Extended Data Fig. 8: Volitional adaptations of walking during otherwise unchanged spatiotemporal EES.

a–c, Quantifications of experiments shown in Fig. 4a–c for each participant. a, Step height and TA EMG activity with and without EES during overground walking (P1, EES ON: n = 7 gait cycles; P2, EES ON: n = 16 gait cycles; P3, EES ON, n = 7 gait cycles). b, Step height and TA EMG activity during normal steps and when participants were requested to perform exaggerated step elevations during overground walking (P1, n = 15 normal gait cycles, n = 11 exaggerated gait cycles; P2, n = 31 normal gait cycles, n = 23 exaggerated gait cycles; P3, n = 14 normal gait cycles, n = 10 exaggerated gait cycles). c, Step height and TA EMG activity during the first and last 30 steps extracted from a sequence of 1 h of locomotion on a treadmill (n = 30 gait cycles for all conditions). ***P < 0.001; n.s., non-significant; Student’s t-test. d, EMG activity of representative leg muscles, vertical displacements of the foot and anteroposterior oscillations of the leg (virtual limb joining the hip to the foot) while P2 was walking continuously on the treadmill with spatiotemporal EES (open loop). The participant was asked to suppress the effects of EES and stand during one cycle of open-loop spatiotemporal EES sequence, highlighted in brown (SKIP), whereas he actively contributed to the production of movement the rest of the time.
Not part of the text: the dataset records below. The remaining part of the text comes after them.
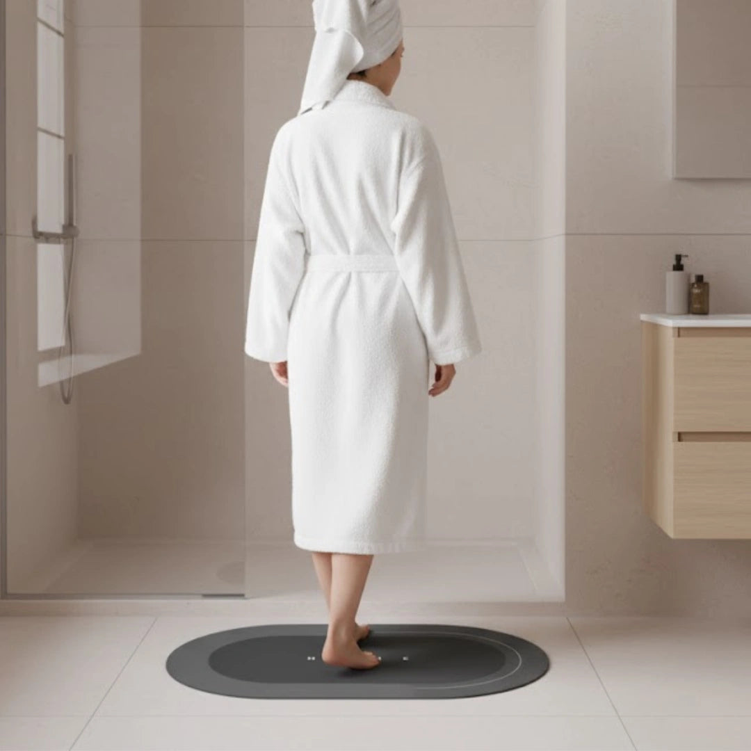 Con CleenPad™, vivi la tranquillità di uscire dalla doccia senza pensieri. Il tuo bagno resta impeccabile e asciutto, garantendoti igiene perfetta e comfort immediato.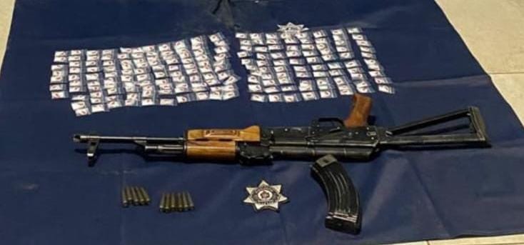 Posteriormente, y tras realizarles una inspección, les fueron localizados entre sus pertenencias 187 envoltorios de sustancia granulosa con las características propias de la droga citada; un arma de fuego calibre 7.62 X 39 milímetros y 11 cartuchos útiles.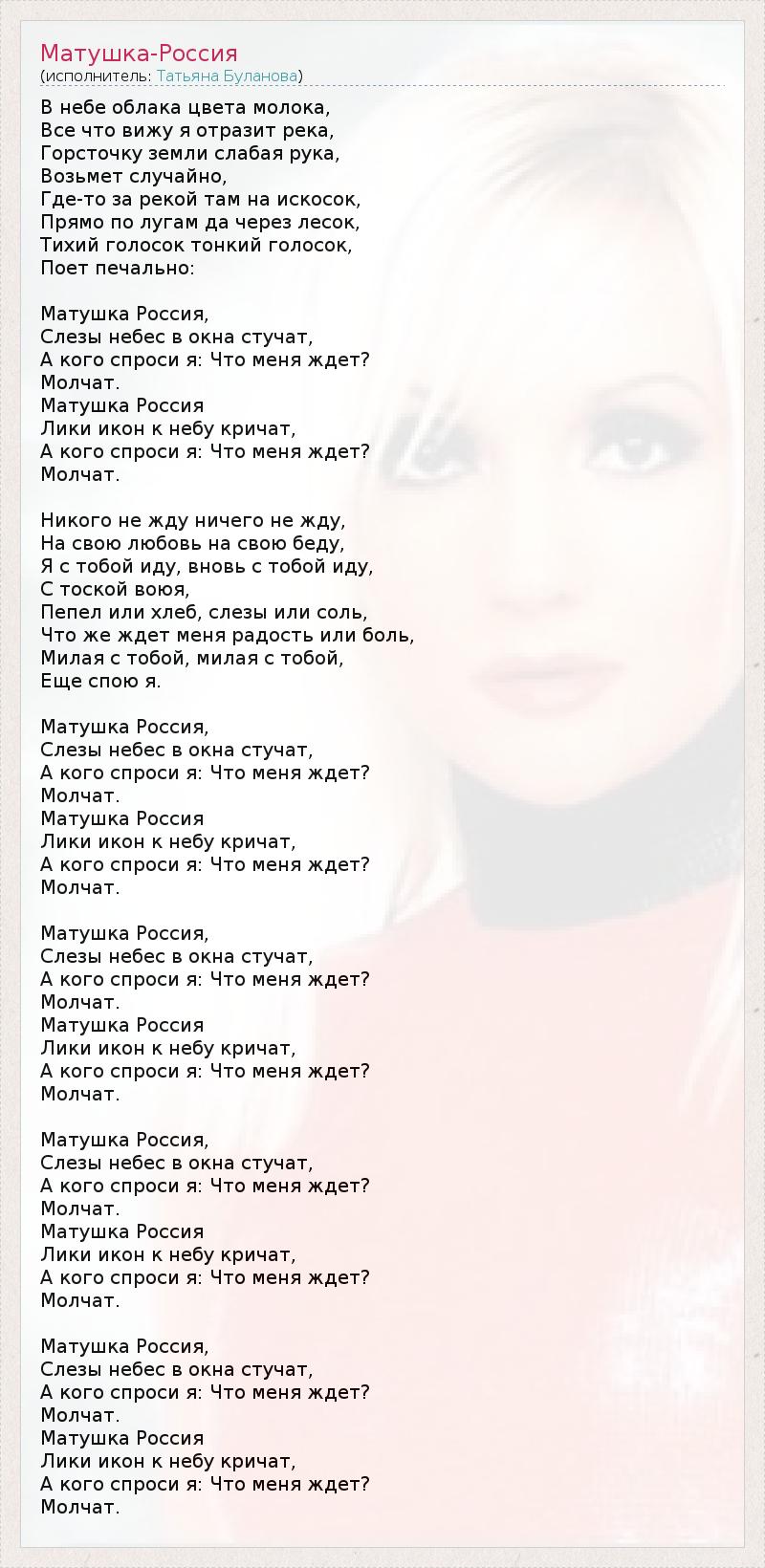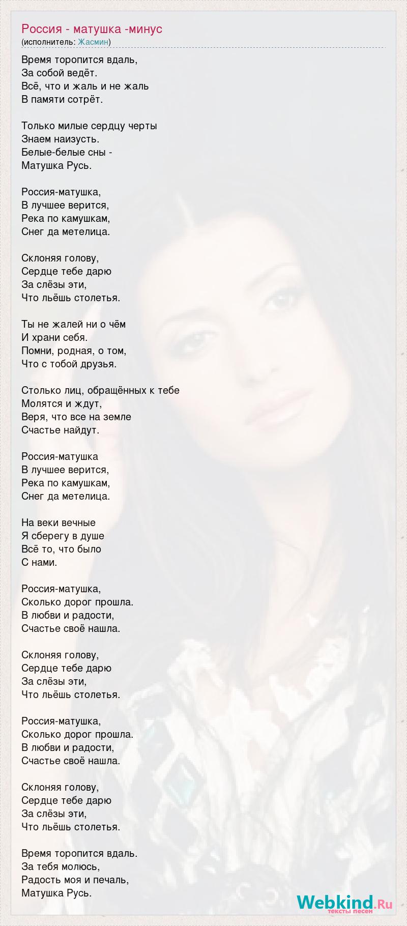 Песня матушка текст минус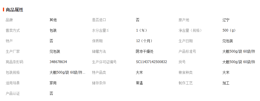 规格 大概500g/袋 60袋/件

Plots report the quantification of step height and TA EMG activity during walking and when skipping steps for each participant (P1, n = 13 normal gait cycles, n = 1 skipped cycles; P2, n = 36 normal gait cycles, n = 3 skipped gait cycles; P3, n = 11 normal gait cycles, n = 2 skipped cycles). e, EMG activity of two representative muscles, vertical displacements of the foot and anteroposterior oscillations of the leg while P1 was walking on the treadmill and the speed of the belt increased progressively from 0.8 to 2 km h^–1. Plots show relationships between treadmill speed and mean stride length and TA EMG activity in all participants (P1: n = 9, 9, 9, 9, 10, 18, 15, 9, 9 gait cycles for increasing speeds; P2: n = 13, 10, 7, 8, 10, 9 gait cycles for increasing speeds; P3: n = 8, 8, 10, 9, 9, 8 gait cycles for increasing speeds; s.e.m. shown). The range of tested speeds was adapted to the walking ability of each participant.